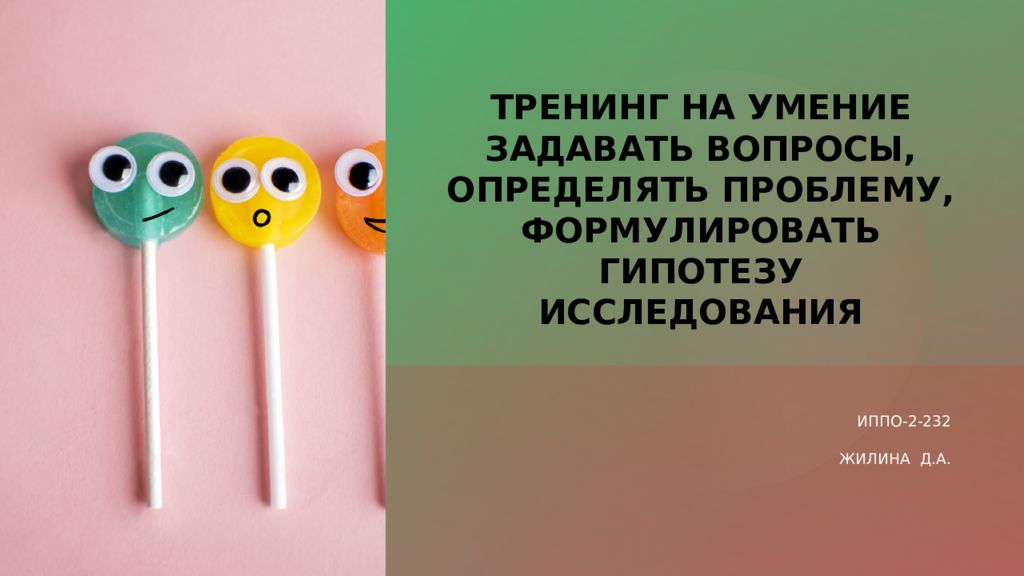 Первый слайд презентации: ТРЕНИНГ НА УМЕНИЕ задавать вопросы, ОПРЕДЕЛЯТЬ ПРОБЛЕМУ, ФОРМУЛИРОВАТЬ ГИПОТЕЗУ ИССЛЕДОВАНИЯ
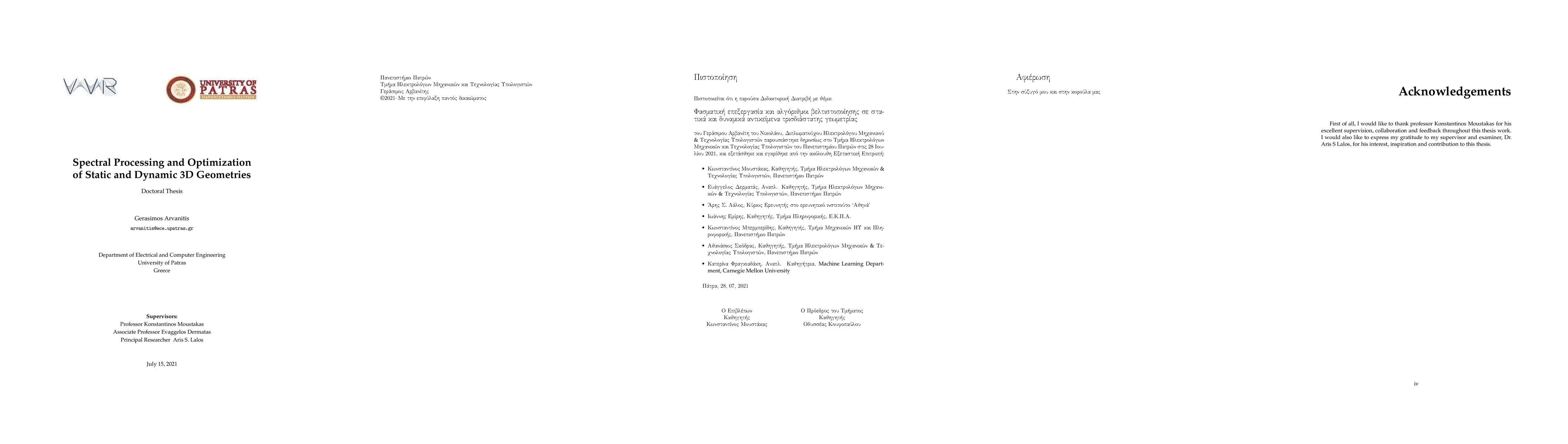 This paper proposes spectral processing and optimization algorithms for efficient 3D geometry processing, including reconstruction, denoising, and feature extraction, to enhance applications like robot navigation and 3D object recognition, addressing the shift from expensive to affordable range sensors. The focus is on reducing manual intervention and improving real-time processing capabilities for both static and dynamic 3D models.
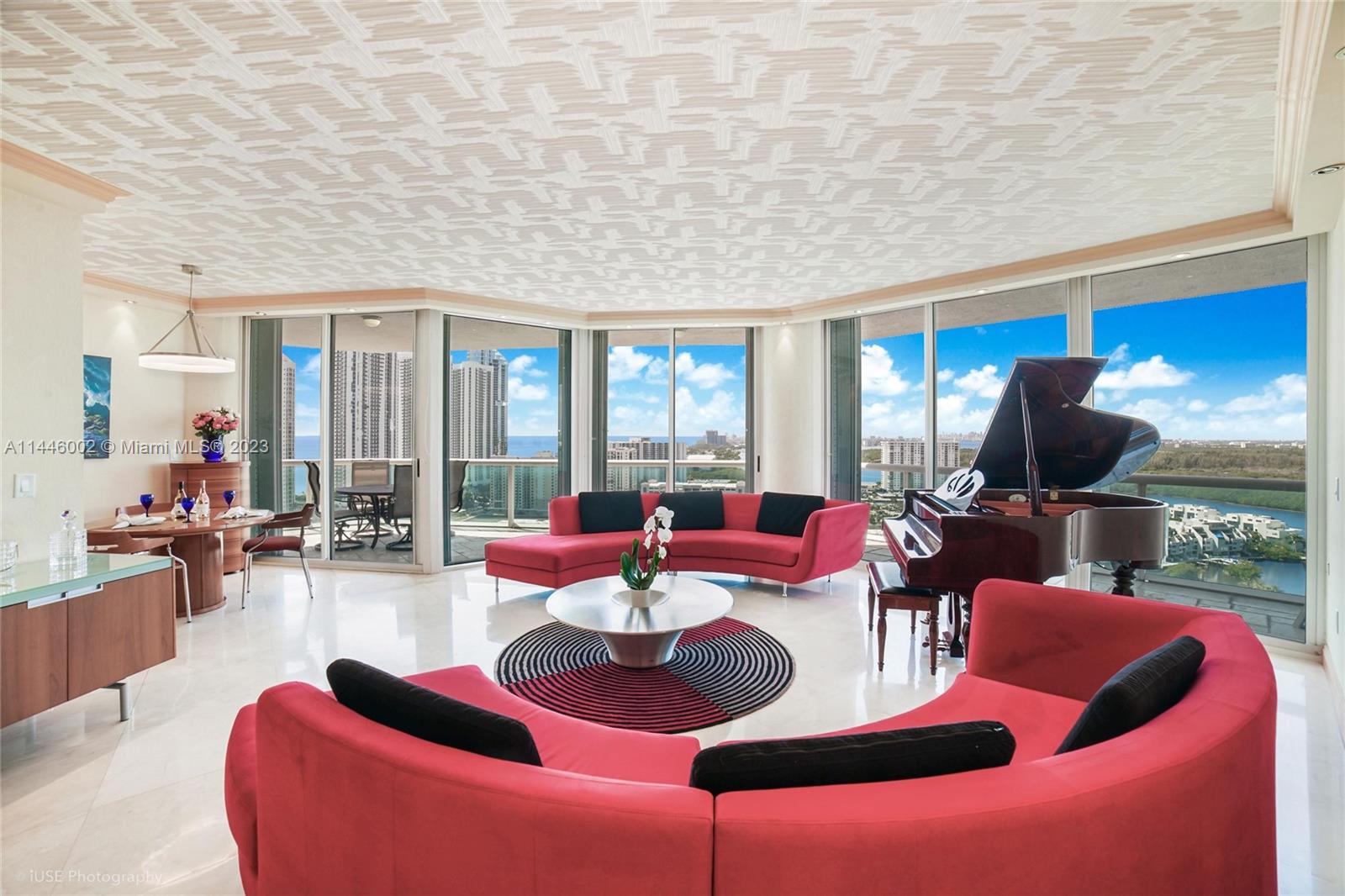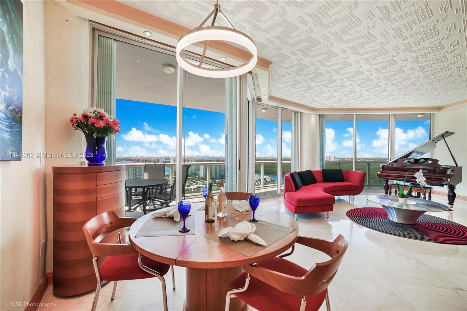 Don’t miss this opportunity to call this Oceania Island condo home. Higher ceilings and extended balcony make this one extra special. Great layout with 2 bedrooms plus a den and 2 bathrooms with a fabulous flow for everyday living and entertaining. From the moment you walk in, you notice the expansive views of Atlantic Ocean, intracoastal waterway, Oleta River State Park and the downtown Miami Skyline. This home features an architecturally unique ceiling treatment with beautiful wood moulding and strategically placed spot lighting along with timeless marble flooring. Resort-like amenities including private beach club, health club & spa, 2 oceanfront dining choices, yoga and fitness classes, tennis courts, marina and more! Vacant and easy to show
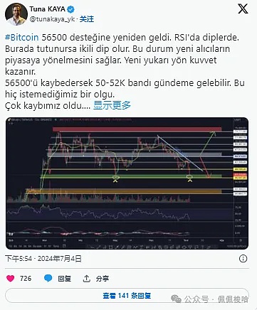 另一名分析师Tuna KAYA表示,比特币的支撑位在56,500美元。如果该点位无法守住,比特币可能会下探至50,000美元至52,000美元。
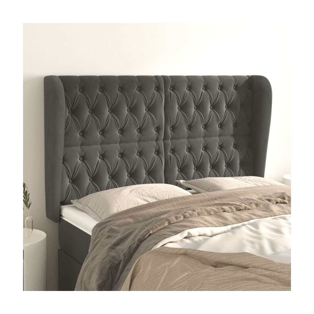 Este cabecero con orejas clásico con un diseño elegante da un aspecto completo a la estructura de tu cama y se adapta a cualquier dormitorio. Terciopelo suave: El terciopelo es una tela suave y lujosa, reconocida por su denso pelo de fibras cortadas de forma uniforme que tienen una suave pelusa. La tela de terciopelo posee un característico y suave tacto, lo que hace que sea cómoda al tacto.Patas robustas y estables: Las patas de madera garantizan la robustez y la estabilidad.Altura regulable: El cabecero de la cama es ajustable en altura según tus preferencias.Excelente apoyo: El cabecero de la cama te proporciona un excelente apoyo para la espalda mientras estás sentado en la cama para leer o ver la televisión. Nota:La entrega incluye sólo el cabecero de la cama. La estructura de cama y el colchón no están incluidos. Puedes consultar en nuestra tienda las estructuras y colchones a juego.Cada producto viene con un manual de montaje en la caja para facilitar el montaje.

### [Task description]
Where an entry holds a picture, leave the picture out and output the rest exactly.

### [Response to this exercise]
 Первый слайд презентации: ТРЕНИНГ НА УМЕНИЕ задавать вопросы, ОПРЕДЕЛЯТЬ ПРОБЛЕМУ, ФОРМУЛИРОВАТЬ ГИПОТЕЗУ ИССЛЕДОВАНИЯ
 This paper proposes spectral processing and optimization algorithms for efficient 3D geometry processing, including reconstruction, denoising, and feature extraction, to enhance applications like robot navigation and 3D object recognition, addressing the shift from expensive to affordable range sensors. The focus is on reducing manual intervention and improving real-time processing capabilities for both static and dynamic 3D models.
 Don’t miss this opportunity to call this Oceania Island condo home. Higher ceilings and extended balcony make this one extra special. Great layout with 2 bedrooms plus a den and 2 bathrooms with a fabulous flow for everyday living and entertaining. From the moment you walk in, you notice the expansive views of Atlantic Ocean, intracoastal waterway, Oleta River State Park and the downtown Miami Skyline. This home features an architecturally unique ceiling treatment with beautiful wood moulding and strategically placed spot lighting along with timeless marble flooring. Resort-like amenities including private beach club, health club & spa, 2 oceanfront dining choices, yoga and fitness classes, tennis courts, marina and more! Vacant and easy to show
 另一名分析师Tuna KAYA表示,比特币的支撑位在56,500美元。如果该点位无法守住,比特币可能会下探至50,000美元至52,000美元。
 Este cabecero con orejas clásico con un diseño elegante da un aspecto completo a la estructura de tu cama y se adapta a cualquier dormitorio. Terciopelo suave: El terciopelo es una tela suave y lujosa, reconocida por su denso pelo de fibras cortadas de forma uniforme que tienen una suave pelusa. La tela de terciopelo posee un característico y suave tacto, lo que hace que sea cómoda al tacto.Patas robustas y estables: Las patas de madera garantizan la robustez y la estabilidad.Altura regulable: El cabecero de la cama es ajustable en altura según tus preferencias.Excelente apoyo: El cabecero de la cama te proporciona un excelente apoyo para la espalda mientras estás sentado en la cama para leer o ver la televisión. Nota:La entrega incluye sólo el cabecero de la cama. La estructura de cama y el colchón no están incluidos. Puedes consultar en nuestra tienda las estructuras y colchones a juego.Cada producto viene con un manual de montaje en la caja para facilitar el montaje.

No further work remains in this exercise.